Because the Appellate Division found that the Parole Board’s conclusion was incorrect, “we almost instinctively scrutinize the record more searchingly.” Id. at 163,199 A.2d 809. I note in that respect that the Appellate Division’s decision makes no reference whatsoever to the analyses provided by Berrill, O’Sullivan, Papparozzi or Brennan. Beyond this, the court improperly rejected Ferguson’s opinion, apparently because the witness’s current conclusion differed from his earlier views and because he phrased his ultimate determination in terms of Trantino’s “potential” for violence rather than the “substantial likelihood” of recidivism. It is true that the Parole Board, the Appellate Division, and ultimately the majority, could properly consider the fact that Ferguson initially was strongly supportive of Trantino’s release. However, the witness was not bound in perpetuity to his earlier opinion. As Ferguson candidly explained, his 1995 evaluation was one of the first he made as a psychologist. Moreover, Ferguson’s subsequent opinion that Trantino posed an unjustifiable risk of danger if released was based on information that was not available to the witness when he prepared his 1995 report. Finally, the fact that Ferguson did not couch his opinion in the statutory language is not a sound basis for rejecting the expert’s conclusion. Ferguson is.a psychologist, not a lawyer. The Appellate Division’s parsing of the words he used to express his opinion adds little to the ease. To put the matter at rest, I have read and reread Ferguson’s testimony, and I have no doubt whatsoever that he considered Trantino a substantial danger to the public in terms of the likelihood of recidivism. The witness was not required to parrot the statutory language in order to be believed.

I thus conclude that the Appellate Division itself was manifestly mistaken in its failure to accept the Parole Board’s conclusion concerning Trantino’s psychological pathology. The majority repeats that mistake. In my view, the Parole Board could reasonably have found, based on the evidence I have described, that *213Trantino is manipulative, deceptive and explosive, and that these traits make him a poor candidate for parole.

B. Corroborative Facts

The final determination concerning a prisoner’s risk of recidivism rests with the Parole Board, not psychiatrists, social workers or psychologists. Trantino v. New Jersey State Parole Bd., 154 N.J. at 36, 711 A.2d 260. The ultimate decision is a legal one, not a social science one, even though it is guided by expert testimony. Cf. In re D.C., 146 N.J. 31, 59, 679 A.2d 634 (1996) (role of medical testimony in commitment proceedings).

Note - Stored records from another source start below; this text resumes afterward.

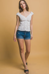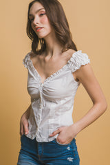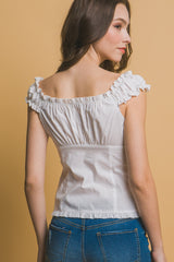 RUFFLE TRIM BUTTON UP TOP - WHITE
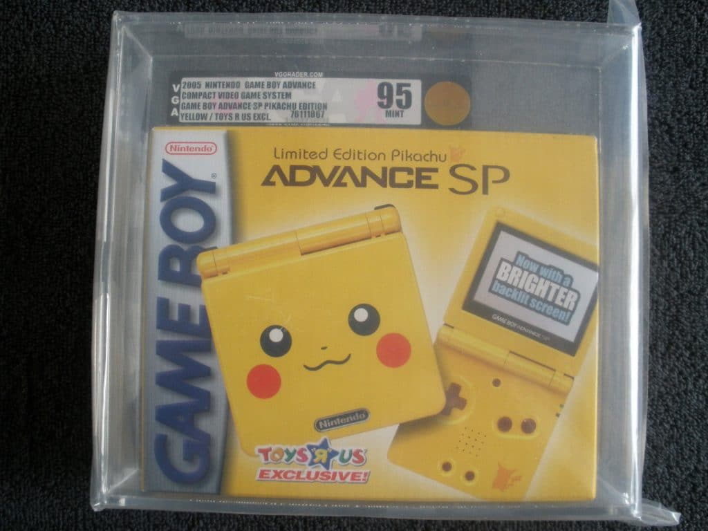 I’m going to start with one item in particular because it seems to be such a timely item. Just about everywhere you look nowadays on social media and in the world around you, you see people hunting Pokémon (and sometimes you’re doing the hunting yourself, it’s okay to admit it), so considering the Pokémon GO craze going on right now, here is a very special Game Boy Advance SP. This isn’t just any old Game Boy Advance; it is a Pikachu Game Boy Advance SP. Made in bright yellow with Pikachu’s smiling face on the front of the device, it was available in limited numbers exclusively from Toys R Us a long time ago (I wasn’t able to track down the exact year it was released). This bad boy has a VGA grade of 95 MINT, is in brand new condition, AND factory sealed. This is something you don’t see too often.
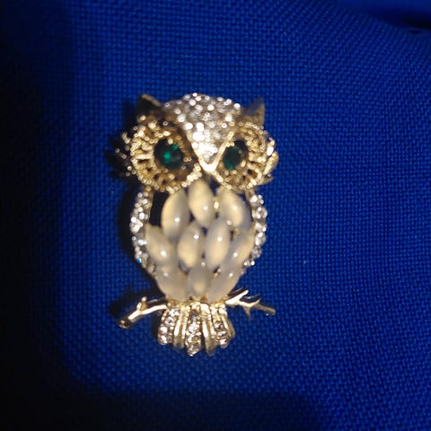 bijouteri, En søde glitrende ugle på en gren er denne elegante broche – perfekt til en ensfarvet top, kjole eller jakke.
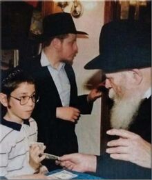 הפעם הראשונה שהיה אצל הרבי הייתה בתשרי תש"נ, לרגל בר המצווה של אחיו רפאל. בין הדולרים שקיבל באותו חודש, היה ביחידות בכ"ה ניסן בעת יחידות כללית לבחורים בגילאי בר מצווה, והיה אז רק בן 11.5.
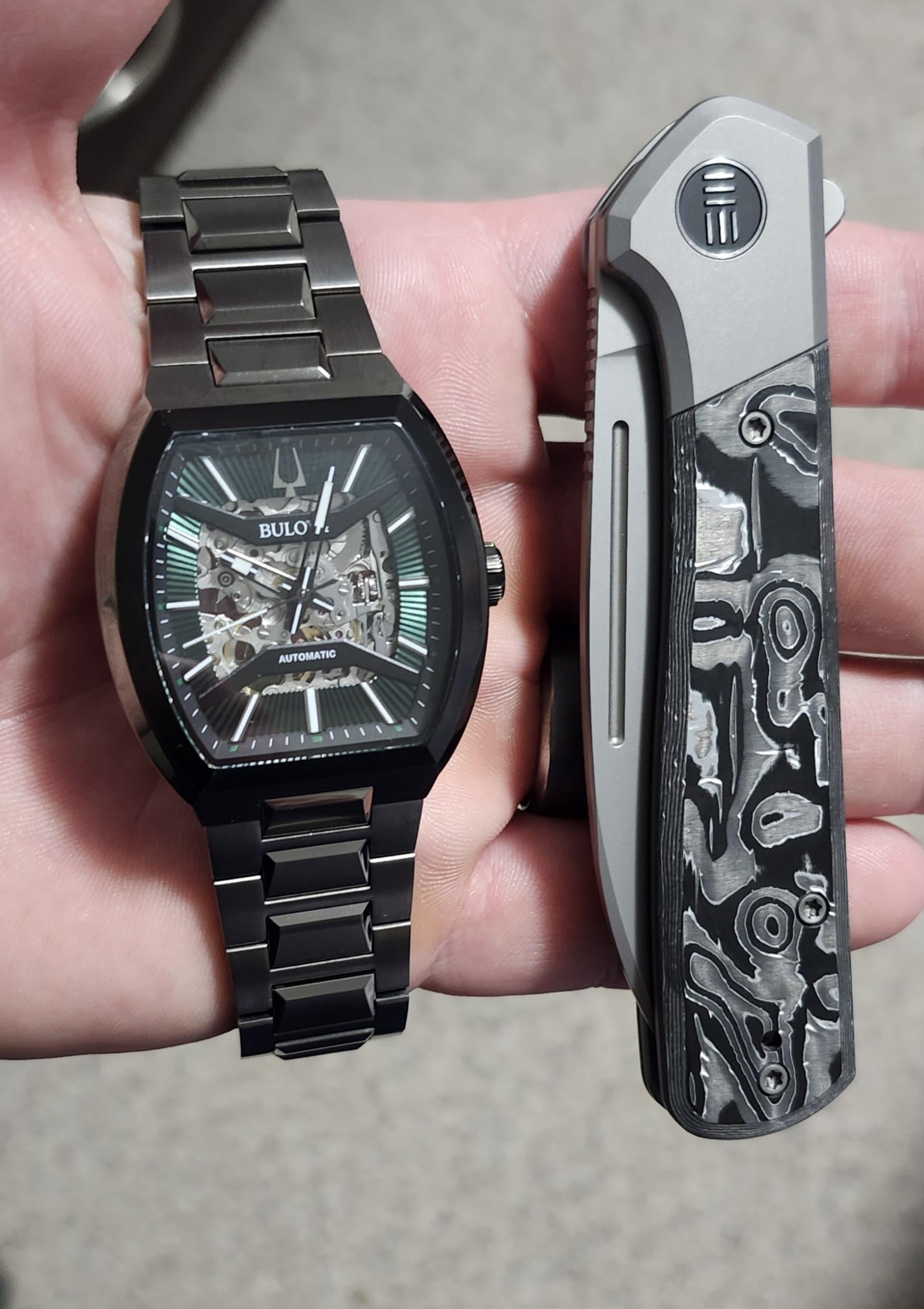 Going out to do some last minute shopping, taking the watch my wife bought me for our 20th anniversary this year, and the We Soothsayer. Gotta admit, I like this knife a whole lot more than I thought I would. I also admit I like knives that aren’t very popular, I guess that’s my thing.
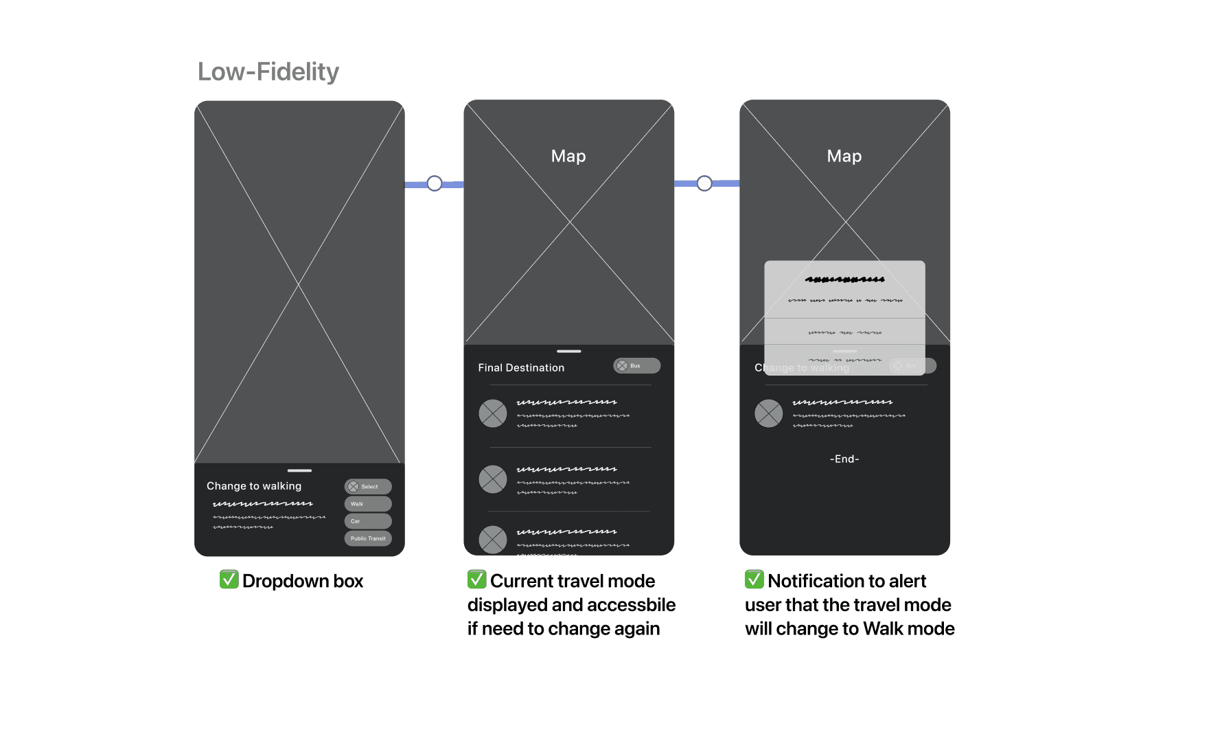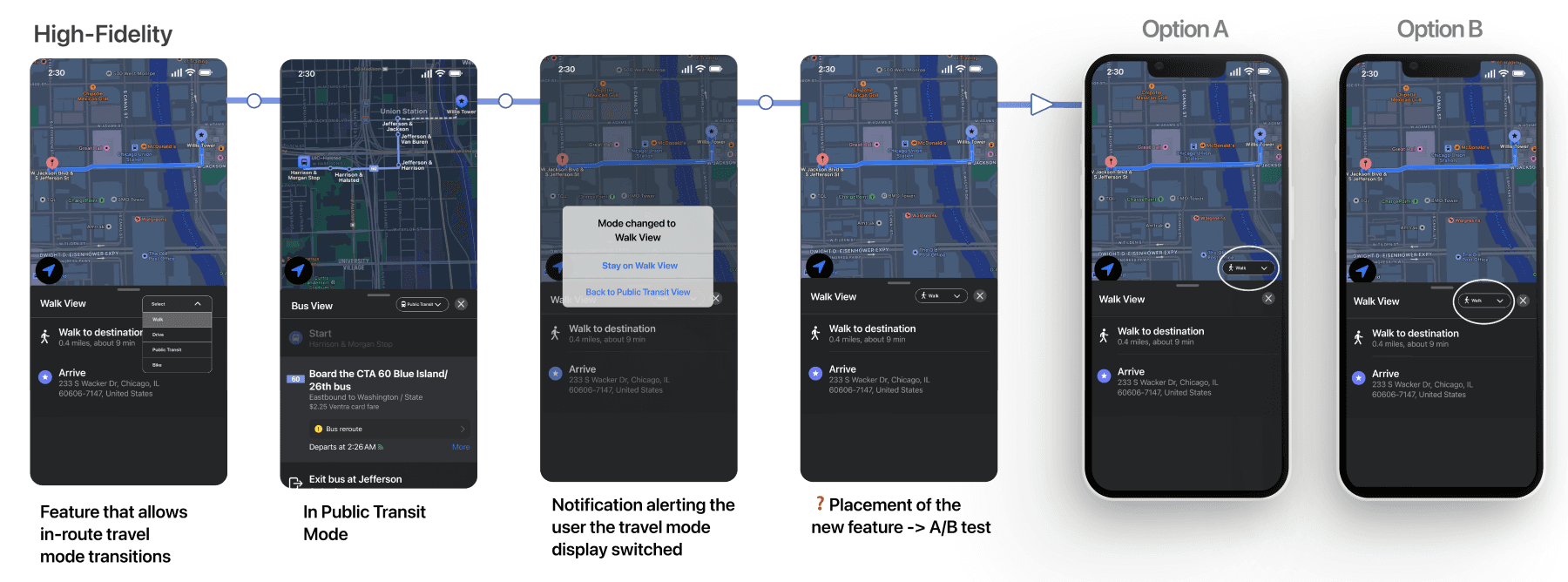 Turning my low-fidelity designs to high-fidelity, I ran into areas where I was unsure about the placement of features. I wanted to ensure that the dropdown box wouldn't hinder the user's view of the directions, so I conducted A/B testing. 76% voted that they preferred option B because the dropdown feature didn't obstruct the map view. With Steering's Law in mind, I aimed to minimize as much movement when switching travel modes for an efficient experience.
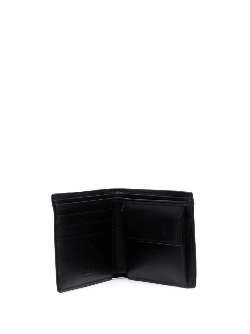 Logo embossé sur le devant, compartiments intérieurs pour carte, poche à rabat interne . Couleur : noir. Matière : cuir de veau.
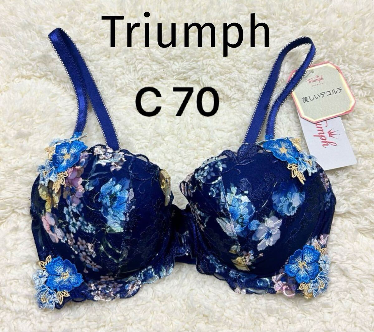 - C70 トリンプ Triumph ブラジャー 美しいデコルテ ワイヤー ネイビー
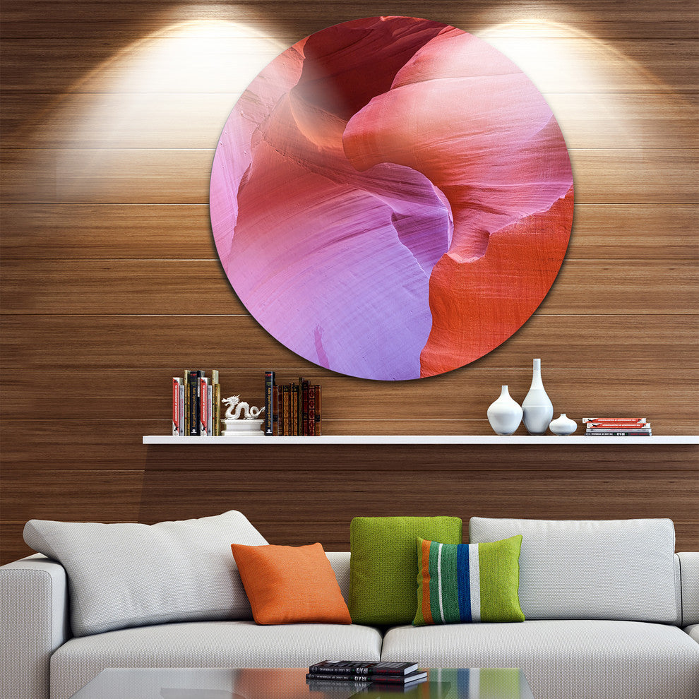 Bring Contemporary Abstraction to your home with this large Circle Metal wall art. This Antelope Canyon Landscape Metal Artwork makes it the focal point of any room or office.
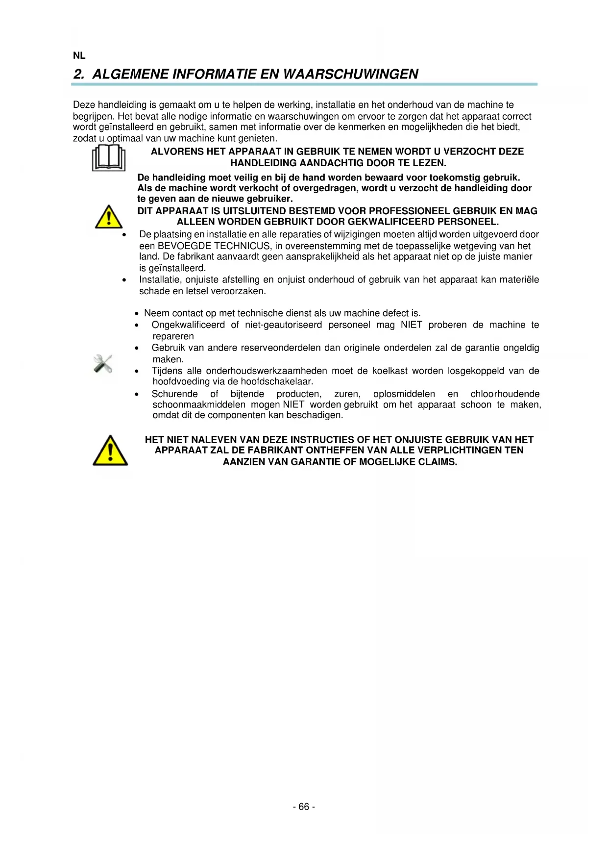HET NIET NALEVEN VAN DEZE INSTRUCTIES OF HET ONJUISTE GEBRUIK VAN HET APPARAAT ZAL DE FABRIKANT ONTHEFFEN VAN ALLE VERPLICHTINGEN TEN AANZIEN VAN GARANTIE OF MOGELIJKE CLAIMS.

We have said the courts should take care not “to abdicate [their] decision-making responsibility to experts.” In re Registrant G.B., 147 N.J. 62, 87, 685 A.2d 1252 (1996). This principle applies with equal force to administrative agencies. Administrative agencies bear the ultimate responsibility for the decisions they render. In that context, it is at least arguable that the expert testimony I have described may not, standing alone, serve as a sufficient basis to support the Parole Board’s denial of Trantino’s release.

The record, however, contains facts tending to corroborate the experts’ opinion that Trantino is a dangerous person likely to recidivate if granted parole, because he is deceptive, manipulative and lacks empathy for others. It is true that many of these incidents are dredged from Trantino’s dark past and perhaps were inflated in importance in the Parole Board’s written determinations. Consideration of these various incidents separately, which is Trantino’s thesis here, may show no one in itself is sufficiently meaningful. But in combination, and coupled with Trantino’s psychological history and current mental state, they tend to corroborate the experts’ prognostication of danger.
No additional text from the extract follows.